GOAL OF THE EXERCISE:
Below are the records; give again exactly the line with "Many selective reductions", the line with "On 4/20 and", and each line that lies between them, and nothing besides.

ENTRIES SHOWN:
»»

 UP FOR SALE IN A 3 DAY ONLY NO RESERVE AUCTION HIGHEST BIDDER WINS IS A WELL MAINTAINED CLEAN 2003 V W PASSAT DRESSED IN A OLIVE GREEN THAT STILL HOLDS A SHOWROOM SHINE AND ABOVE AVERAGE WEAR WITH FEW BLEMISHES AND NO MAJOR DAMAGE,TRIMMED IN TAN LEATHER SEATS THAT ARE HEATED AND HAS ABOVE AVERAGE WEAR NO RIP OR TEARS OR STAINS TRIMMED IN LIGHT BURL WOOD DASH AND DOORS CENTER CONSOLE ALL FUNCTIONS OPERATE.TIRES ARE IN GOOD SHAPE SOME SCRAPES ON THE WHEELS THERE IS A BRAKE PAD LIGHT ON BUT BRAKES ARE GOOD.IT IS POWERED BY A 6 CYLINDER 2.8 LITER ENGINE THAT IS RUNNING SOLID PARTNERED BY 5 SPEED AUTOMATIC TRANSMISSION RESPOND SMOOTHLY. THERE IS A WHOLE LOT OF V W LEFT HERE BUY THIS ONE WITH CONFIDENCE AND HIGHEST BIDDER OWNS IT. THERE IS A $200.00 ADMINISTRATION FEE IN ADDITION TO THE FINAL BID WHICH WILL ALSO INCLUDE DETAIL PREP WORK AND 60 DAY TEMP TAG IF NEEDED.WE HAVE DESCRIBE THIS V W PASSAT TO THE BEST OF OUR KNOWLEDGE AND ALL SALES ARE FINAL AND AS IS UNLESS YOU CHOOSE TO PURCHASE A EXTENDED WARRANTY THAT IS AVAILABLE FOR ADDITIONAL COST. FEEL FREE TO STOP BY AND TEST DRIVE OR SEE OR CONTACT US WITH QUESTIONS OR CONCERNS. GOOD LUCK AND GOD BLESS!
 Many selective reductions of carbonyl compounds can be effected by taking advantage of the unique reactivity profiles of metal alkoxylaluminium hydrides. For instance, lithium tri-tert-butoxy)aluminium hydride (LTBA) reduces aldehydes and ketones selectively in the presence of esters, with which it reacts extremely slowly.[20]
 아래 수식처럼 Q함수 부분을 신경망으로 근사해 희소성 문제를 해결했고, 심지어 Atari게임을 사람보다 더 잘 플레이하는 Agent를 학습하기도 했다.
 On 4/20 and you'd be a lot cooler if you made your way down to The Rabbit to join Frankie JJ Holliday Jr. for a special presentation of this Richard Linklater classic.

««
»»

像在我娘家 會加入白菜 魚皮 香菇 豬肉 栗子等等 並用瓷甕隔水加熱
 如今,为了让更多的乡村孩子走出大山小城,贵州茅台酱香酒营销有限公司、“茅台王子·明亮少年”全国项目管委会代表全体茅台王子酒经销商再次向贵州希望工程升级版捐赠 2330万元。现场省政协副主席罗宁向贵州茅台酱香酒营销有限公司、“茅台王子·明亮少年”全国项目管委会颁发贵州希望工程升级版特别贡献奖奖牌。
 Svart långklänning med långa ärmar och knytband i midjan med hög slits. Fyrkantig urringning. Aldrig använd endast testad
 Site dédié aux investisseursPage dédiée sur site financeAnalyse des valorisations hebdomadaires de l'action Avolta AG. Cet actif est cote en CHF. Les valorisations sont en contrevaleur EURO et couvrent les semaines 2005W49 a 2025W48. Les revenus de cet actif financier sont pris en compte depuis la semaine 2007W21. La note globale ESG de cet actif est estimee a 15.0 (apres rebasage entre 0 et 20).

««

RESPONSE TO THIS EXERCISE:
 Many selective reductions of carbonyl compounds can be effected by taking advantage of the unique reactivity profiles of metal alkoxylaluminium hydrides. For instance, lithium tri-tert-butoxy)aluminium hydride (LTBA) reduces aldehydes and ketones selectively in the presence of esters, with which it reacts extremely slowly.[20]
 아래 수식처럼 Q함수 부분을 신경망으로 근사해 희소성 문제를 해결했고, 심지어 Atari게임을 사람보다 더 잘 플레이하는 Agent를 학습하기도 했다.
 On 4/20 and you'd be a lot cooler if you made your way down to The Rabbit to join Frankie JJ Holliday Jr. for a special presentation of this Richard Linklater classic.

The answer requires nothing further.